Repeat for each worker. Within a few minutes, kubectl get nodes should show all nodes in Ready state (once Cilium is installed).

Cilium as the CNI

RKE2 was configured with cni: none, so nodes will show NotReady until a CNI is installed. Cilium provides eBPF-based networking, network policy enforcement, and observability.

Install via Helm:

helm repo add cilium https://helm.cilium.io/
helm install cilium cilium/cilium \
  --namespace kube-system \
  --set tunnel=vxlan \
  --set operator.replicas=2 \
  --set ipam.mode=cluster-pool

Within a minute, all nodes should transition to Ready. Cilium runs as a DaemonSet -- one pod per node -- and handles pod-to-pod networking, service load balancing, and network policy enforcement.

Why Cilium over Calico or Flannel?

eBPF -- Packet processing happens in kernel space without iptables chains. At scale, this is measurably faster.
Network policy -- Cilium supports both Kubernetes NetworkPolicy and its own CiliumNetworkPolicy with L7 awareness (HTTP, gRPC, DNS).
Hubble -- Built-in observability for network flows. When a pod can't reach a service, Hubble shows you exactly where the traffic is being dropped.

Ceph CSI integration

Ceph provides the persistent storage layer. The assumption here is that you already have a Ceph cluster running (either standalone or via Proxmox). The Kubernetes nodes connect to it via CSI drivers.

Install Ceph CSI

Deploy the Ceph RBD CSI driver for block storage:

helm repo add ceph-csi https://ceph.github.io/csi-charts
helm install ceph-csi-rbd ceph-csi/ceph-csi-rbd \
  --namespace ceph-csi \
  --create-namespace \
  --set csiConfig[0].clusterID=<your-ceph-fsid> \
  --set csiConfig[0].monitors[0]=10.0.20.x:6789 \
  --set csiConfig[0].monitors[1]=10.0.20.y:6789 \
  --set csiConfig[0].monitors[2]=10.0.20.z:6789

Note the monitor addresses are on the storage subnet (10.0.20.x).
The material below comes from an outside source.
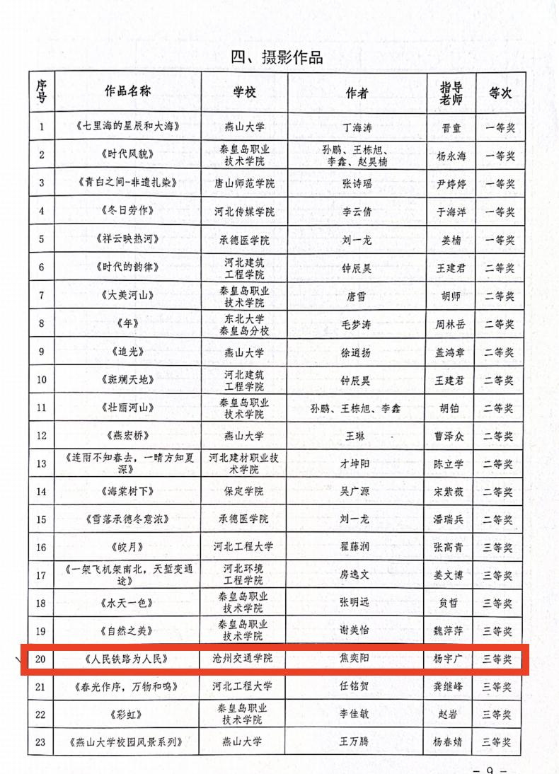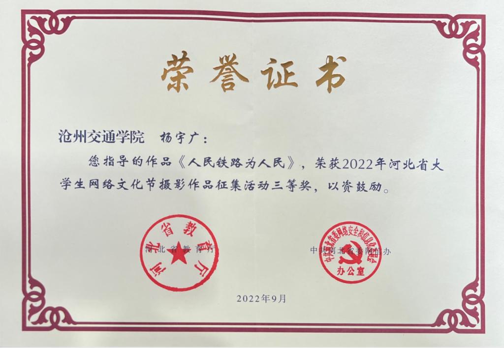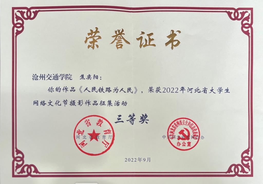 近日,河北省教育厅、中共河北省委网信办公示了2022年河北省大学生网络文化节和高校网络教育优秀作品推选展示活动获奖名单。由太阳官网杨宇广老师指导,焦奕阳同学创作的作品《人民铁路为人民》荣获2022年河北省大学生网络文化节摄影作品征集活动三等奖。
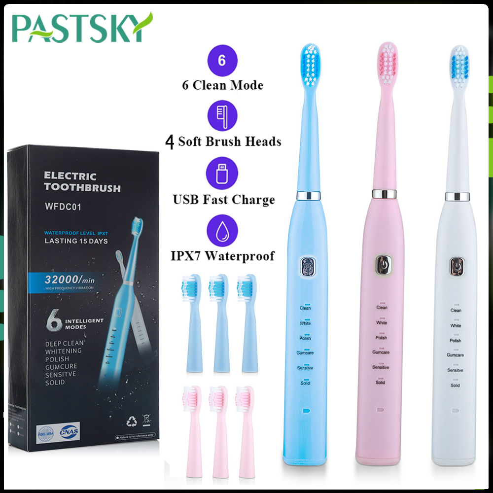 PASTSKY Electric Toothbrush Smart USB Rechargeable Tooth Brushes 6 Modes Waterproof Soft Bristles Gum Massaging for Adults Kids Teeth Cleaner

Ceph client traffic stays on the dedicated storage network.

For CephFS (shared filesystem for ReadWriteMany volumes):

helm install ceph-csi-cephfs ceph-csi/ceph-csi-cephfs \
  --namespace ceph-csi-cephfs \
  --create-namespace \
  --set csiConfig[0].clusterID=<your-ceph-fsid> \
  --set csiConfig[0].monitors[0]=10.0.20.x:6789

Storage classes

Create storage classes that map to Ceph pools:

apiVersion: storage.k8s.io/v1
kind: StorageClass
metadata:
  name: ceph-block
  annotations:
    storageclass.kubernetes.io/is-default-class: "true"
provisioner: rbd.csi.ceph.com
parameters:
  clusterID: <your-ceph-fsid>
  pool: kubernetes-block
  csi.storage.k8s.io/provisioner-secret-name: csi-rbd-secret
  csi.storage.k8s.io/provisioner-secret-namespace: ceph-csi
  csi.storage.k8s.io/node-stage-secret-name: csi-rbd-secret
  csi.storage.k8s.io/node-stage-secret-namespace: ceph-csi
reclaimPolicy: Delete
allowVolumeExpansion: true

For production data you want to keep (databases, GitLab repositories), create a second class with reclaimPolicy: Retain:

apiVersion: storage.k8s.io/v1
kind: StorageClass
metadata:
  name: cephfs-production
provisioner: cephfs.csi.ceph.com
parameters:
  clusterID: <your-ceph-fsid>
  fsName: cephfs
  csi.storage.k8s.io/provisioner-secret-name: csi-cephfs-secret
  csi.storage.k8s.io/provisioner-secret-namespace: ceph-csi-cephfs
reclaimPolicy: Retain
allowVolumeExpansion: true

What you end up with

After completing this deployment:

HA control plane -- 3-node etcd cluster with automatic leader election. Lose any single control plane node and the cluster keeps running.
Separated networks -- Pod traffic and Ceph replication never compete for bandwidth.
Dynamic persistent storage -- Any pod can request a PersistentVolumeClaim and get a Ceph RBD volume provisioned automatically.
CIS-hardened Kubernetes -- RKE2's default configuration passes CIS Benchmark checks without manual intervention.
eBPF networking -- Cilium provides fast, observable pod networking with kernel-level packet processing.

This is production infrastructure. It runs databases, CI/CD platforms, identity providers, container registries, and web applications -- all on hardware you own, on networks you control, with storage that replicates across physical disks.

The cloud isn't going anywhere. But neither is the need to run infrastructure on metal you own. This is how you do it properly.